Data excerpt:
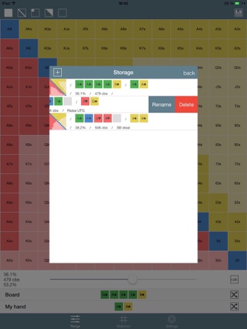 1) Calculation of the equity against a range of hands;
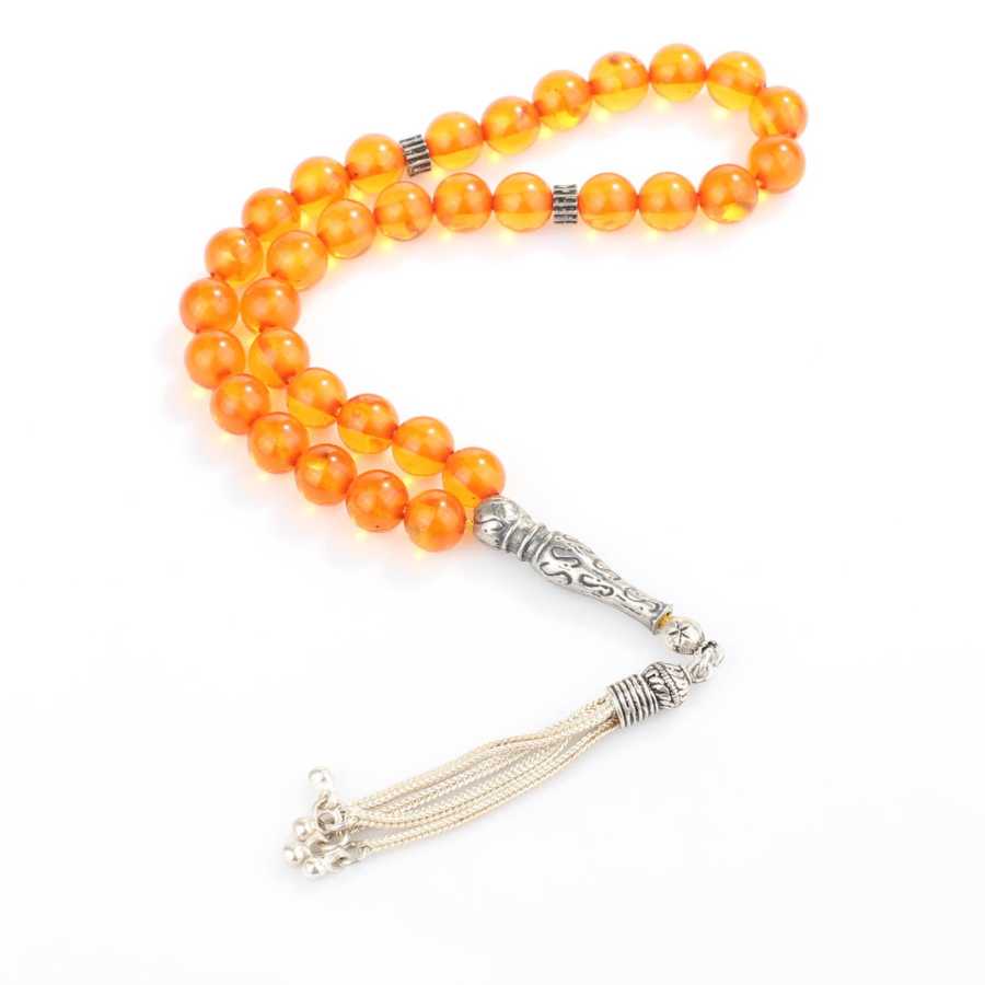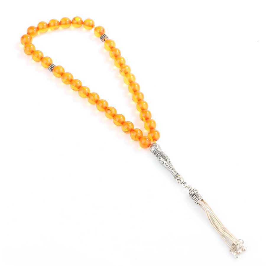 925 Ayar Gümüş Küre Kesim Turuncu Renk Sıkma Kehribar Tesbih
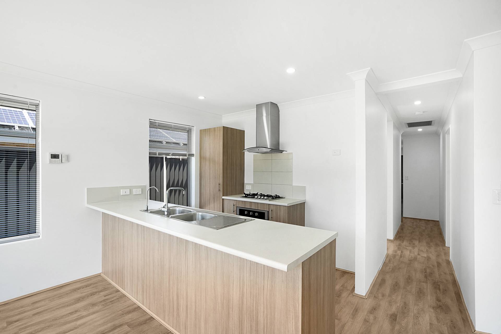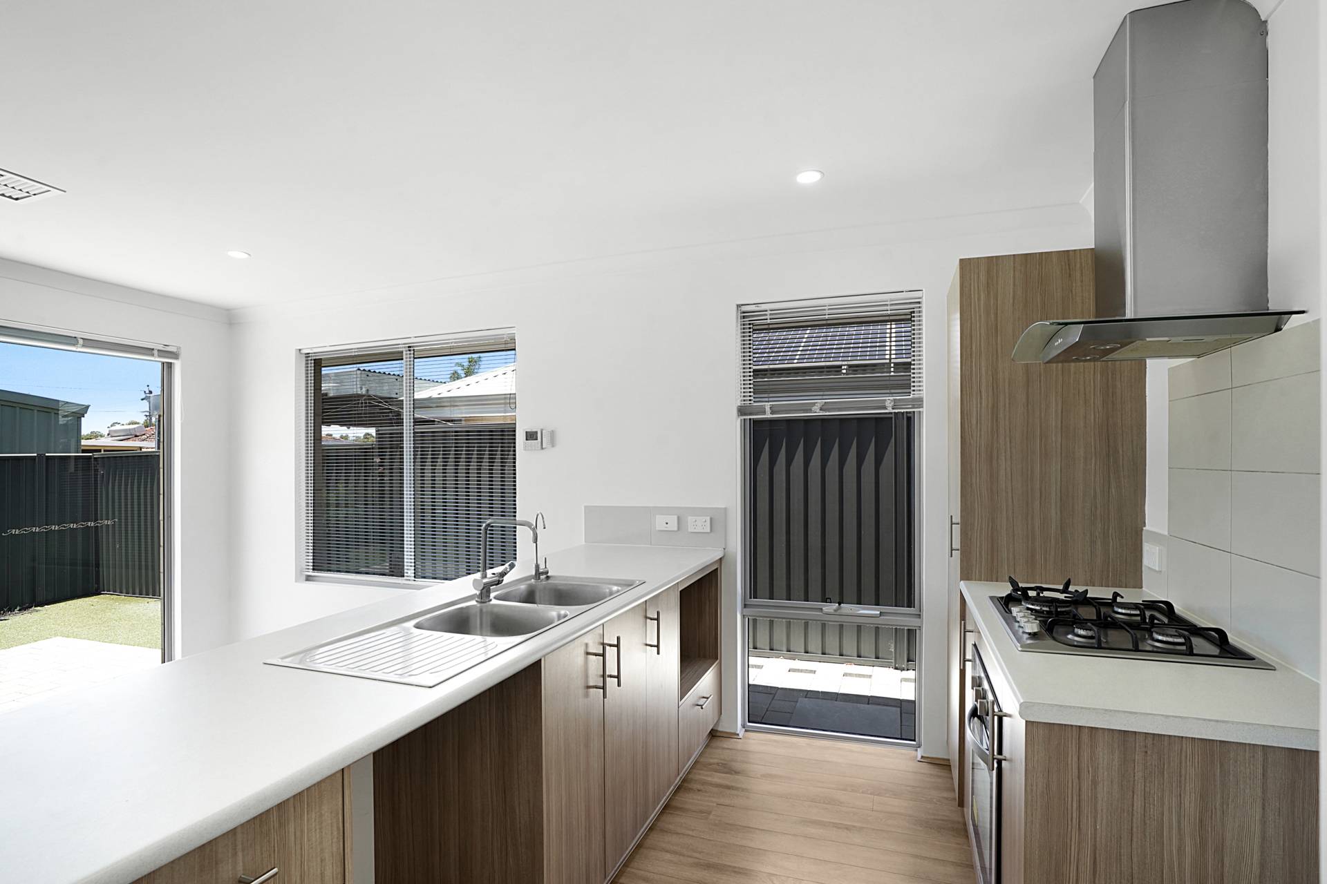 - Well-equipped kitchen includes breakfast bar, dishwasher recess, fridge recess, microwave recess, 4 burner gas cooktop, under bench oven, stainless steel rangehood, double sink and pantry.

Task objective: Once the pictures are removed, copy the material above exactly.

Task output:
 1) Calculation of the equity against a range of hands;
 925 Ayar Gümüş Küre Kesim Turuncu Renk Sıkma Kehribar Tesbih
 - Well-equipped kitchen includes breakfast bar, dishwasher recess, fridge recess, microwave recess, 4 burner gas cooktop, under bench oven, stainless steel rangehood, double sink and pantry.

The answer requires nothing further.